Different Membrane Pathways Mediate Ca(2+) Influx in Adrenal Chromaffin Cells Exposed to 150–400 ns Electric Pulses

Exposing adrenal chromaffin cells to 5 ns electric pulses (nsPEF) causes a rapid rise in intracellular Ca(2+) ([Ca(2+)](i)) that is solely the result of Ca(2+) influx through voltage-gated Ca(2+) channels (VGCCs). This study explored the effect of longer duration nsPEF on [Ca(2+)](i). Single 150, 200, or 400 ns pulses at 3.1 kV/cm evoked rapid increases in [Ca(2+)](i), the magnitude of which increased linearly with pulse width and electric field amplitude.

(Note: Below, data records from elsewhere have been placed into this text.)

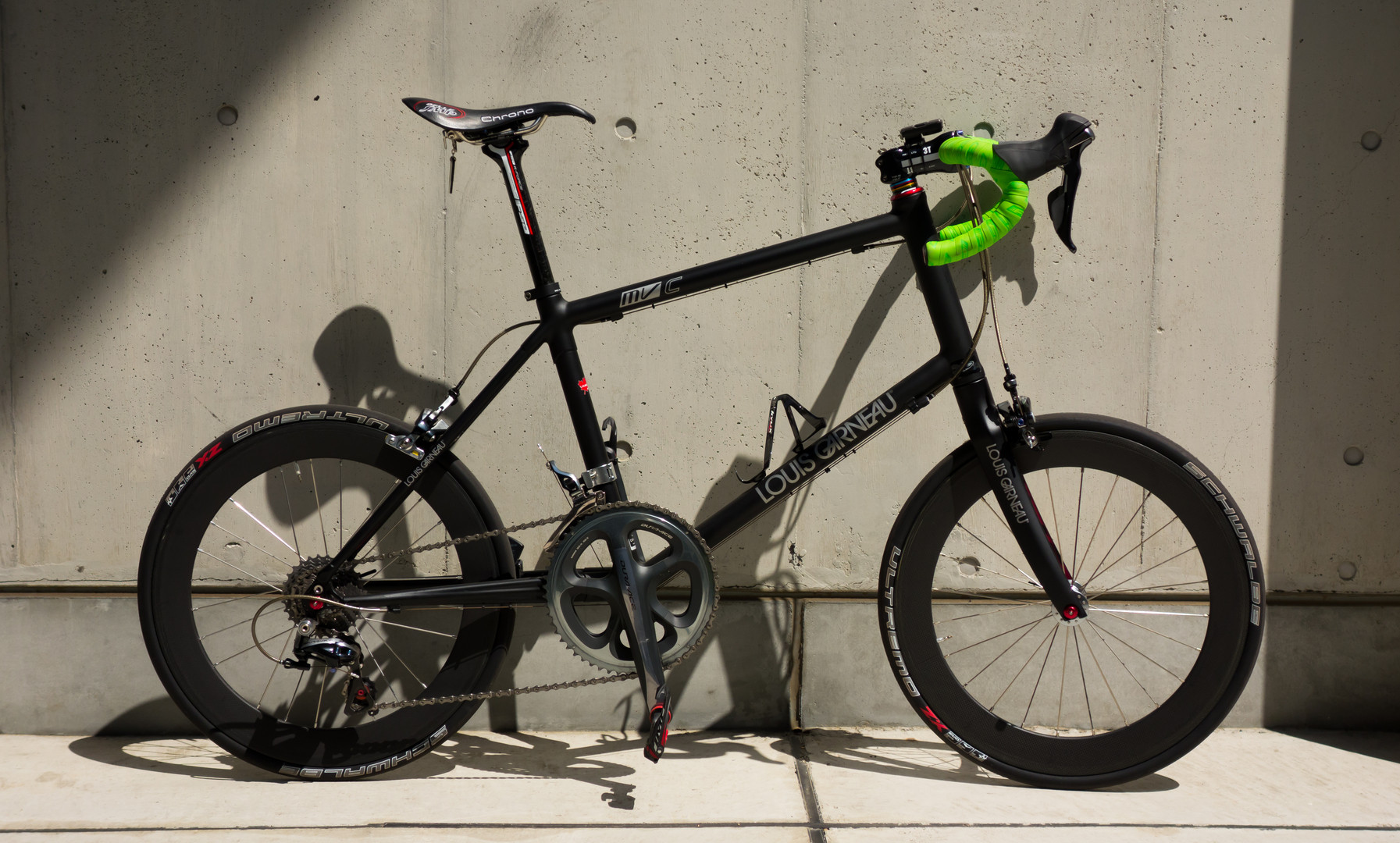 自分がレースで使用しているミニベロの写真。 綺麗な状態のうちに記念撮影! 格好良い取り方がわからないので、日の丸構図で..。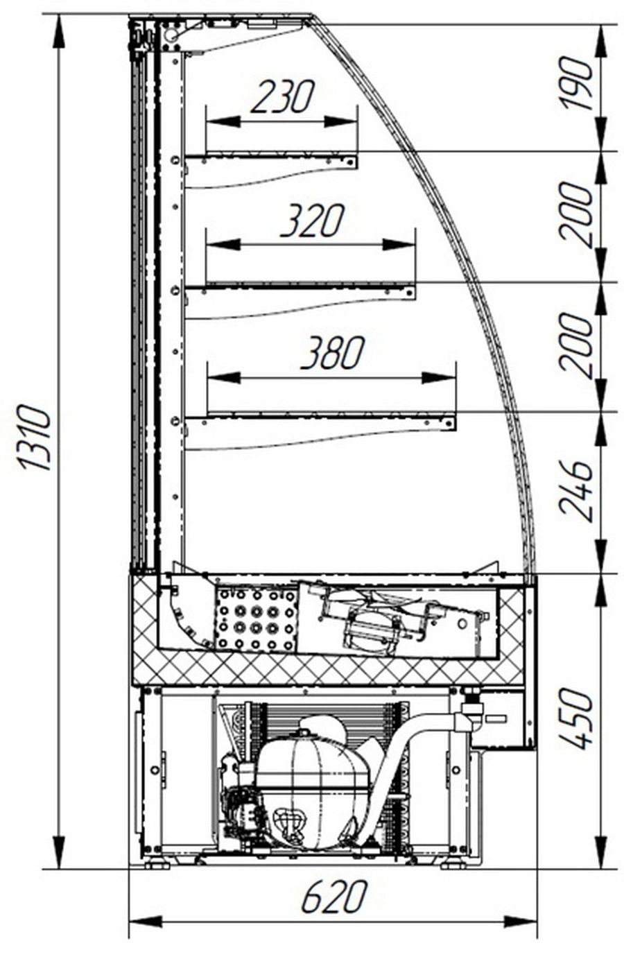 ВИТРИНА кондитерская ВПВ ADAGIO 900 (EL.2.G9005гл.А9005гл.В9005гл.P1.PS.RAL9005гл.)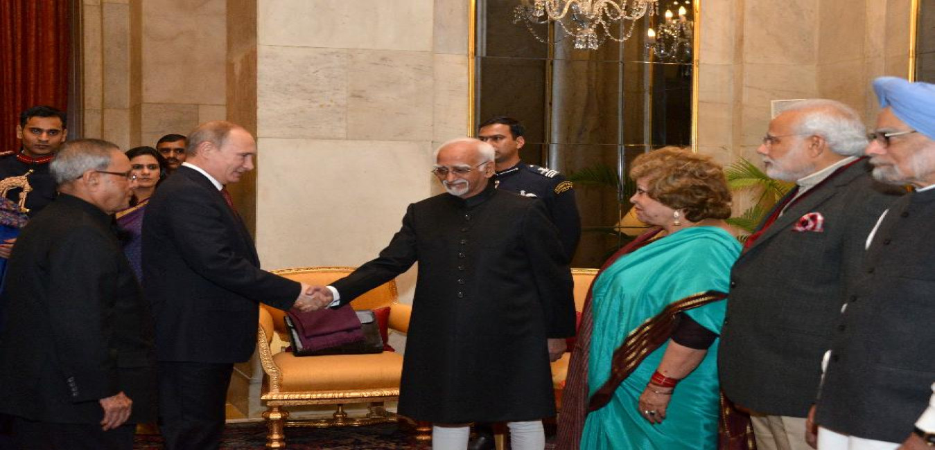 The President of India, Shri Pranab Mukherjee at the Banquet Hosted in Honour of the Distinguished Guests of the President of the Russian Federation, HE Mr Vladimir V Putin at Rashtrapati Bhavan in New Delhi on Dec 11, 2014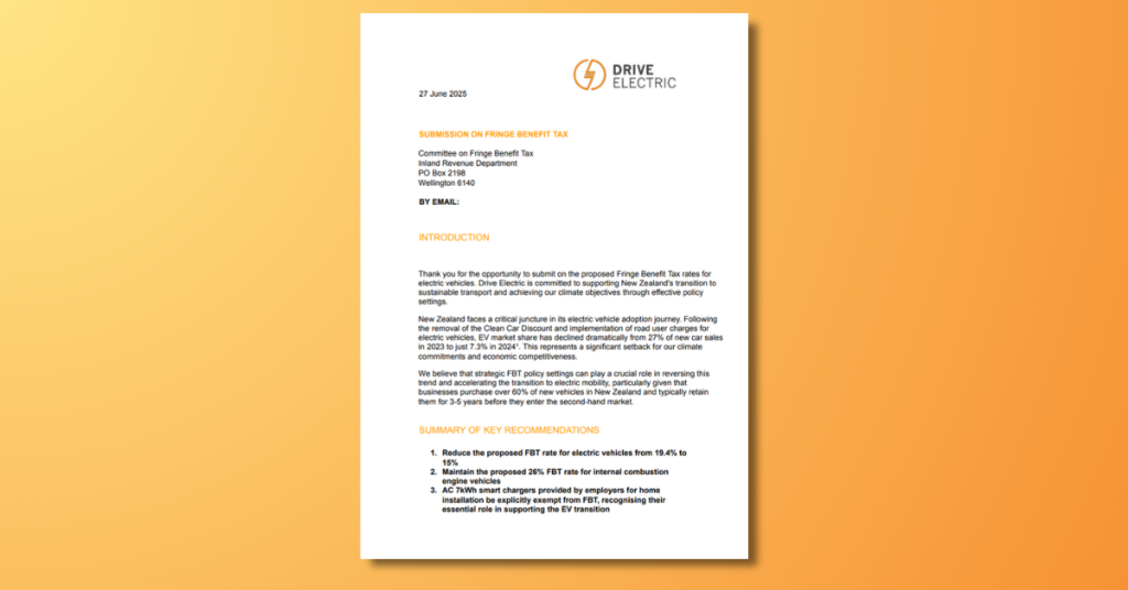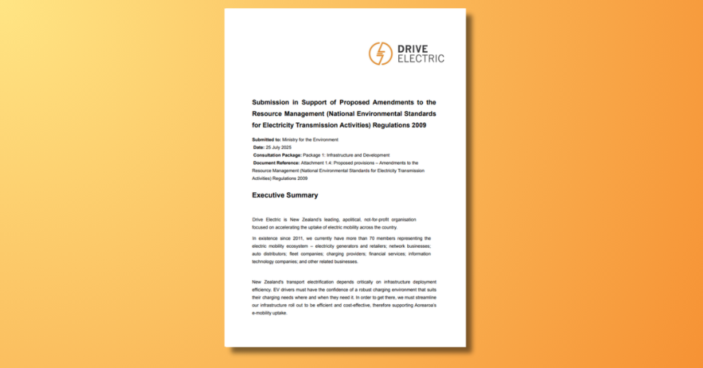 In July 2025, the Ministry of Business, Innovation and Employment’s (MBIE) opened consultation on a range of options to encourage the uptake of smart EV chargers. These included: Drive Electric’s Submission Drive Electric submitted in support of Option 4A (smart functionality with labelling), as it best balances our goals of accelerating EV uptake while ensuring […]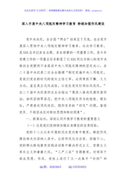/ 深入开展中央八项规定精神学习教育 持续加强作风建设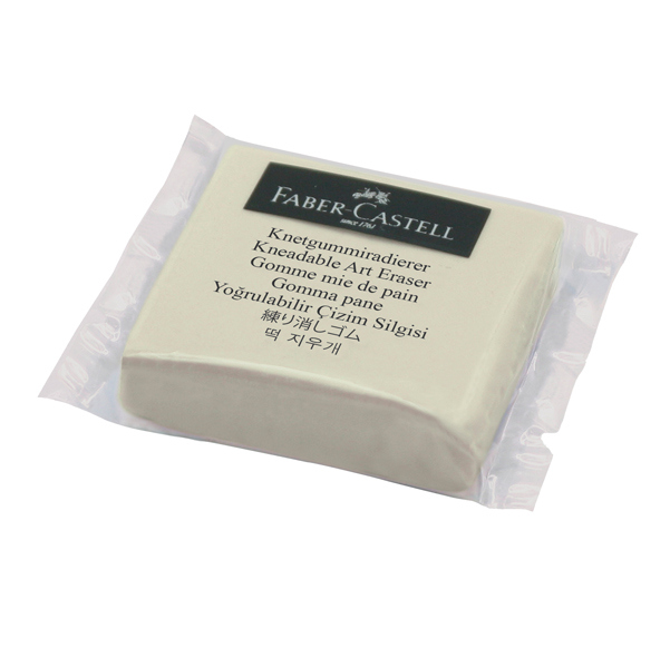 Gomma pane bianca quadrata. In caucciu' malleabile ed assorbente. Adatta per pastelli e carboncini. Dimensioni 36x36x10mm.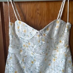 Spring, dress, floral, yellow, sheer, lace, NSR, urban outfitters style, romantic, date night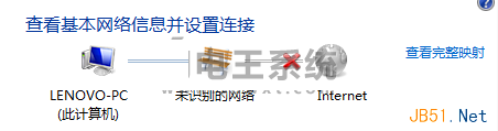网络连接出现黄色感叹号后,打开网络与控制中心会查看到如下提示: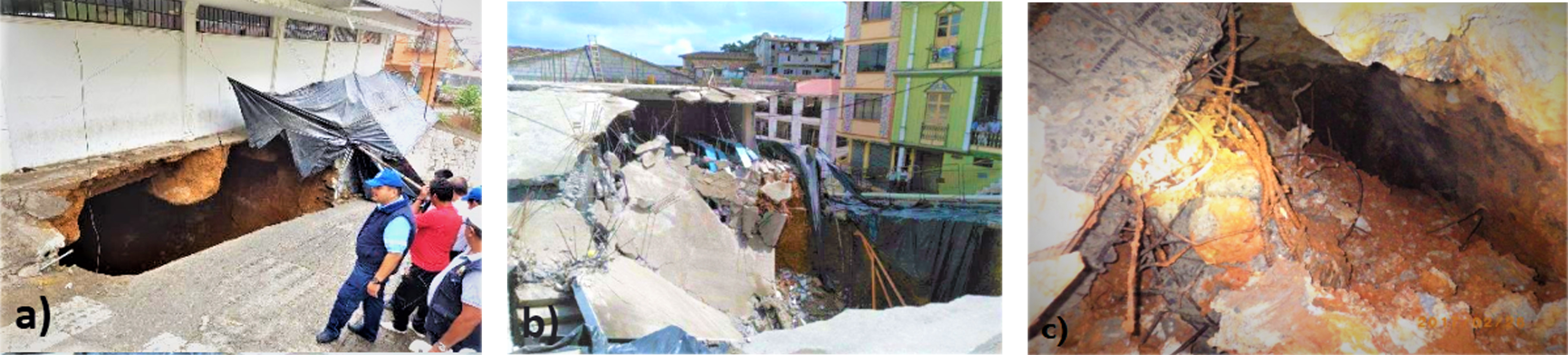 Figura 2 a) Inicio de colapso con un cono de 10 m. b) Desestabilización de estructuras. c) Escombros (columnas, mangueras, cables, bloques) dentro de la galería que provocó la subsidencia del terreno en superficie

Recovery of [Ca(2+)](i) to prestimulus levels was faster for 150 ns exposures. Regardless of pulse width, no rise in [Ca(2+)](i) occurred in the absence of extracellular Ca(2+), indicating that the source of Ca(2+) was from outside the cell. Ca(2+) responses evoked by a 150 ns pulse were inhibited to varying degrees by ω-agatoxin IVA, ω-conotoxin GVIA, nitrendipine or nimodipine, antagonists of P/Q-, N-, and L-type VGCCs, respectively, and by 67% when all four types of VGCCs were blocked simultaneously. The remaining Ca(2+) influx insensitive to VGCC inhibitors was attributed to plasma membrane nanoporation, which comprised the E-field sensitive component of the response. Both pathways of Ca(2+) entry were inhibited by 200 μM Cd(2+). These results demonstrate that, in excitable chromaffin cells, single 150–400 ns pulses increased the permeability of the plasma membrane to Ca(2+) in addition to causing Ca(2+) influx via VGCCs.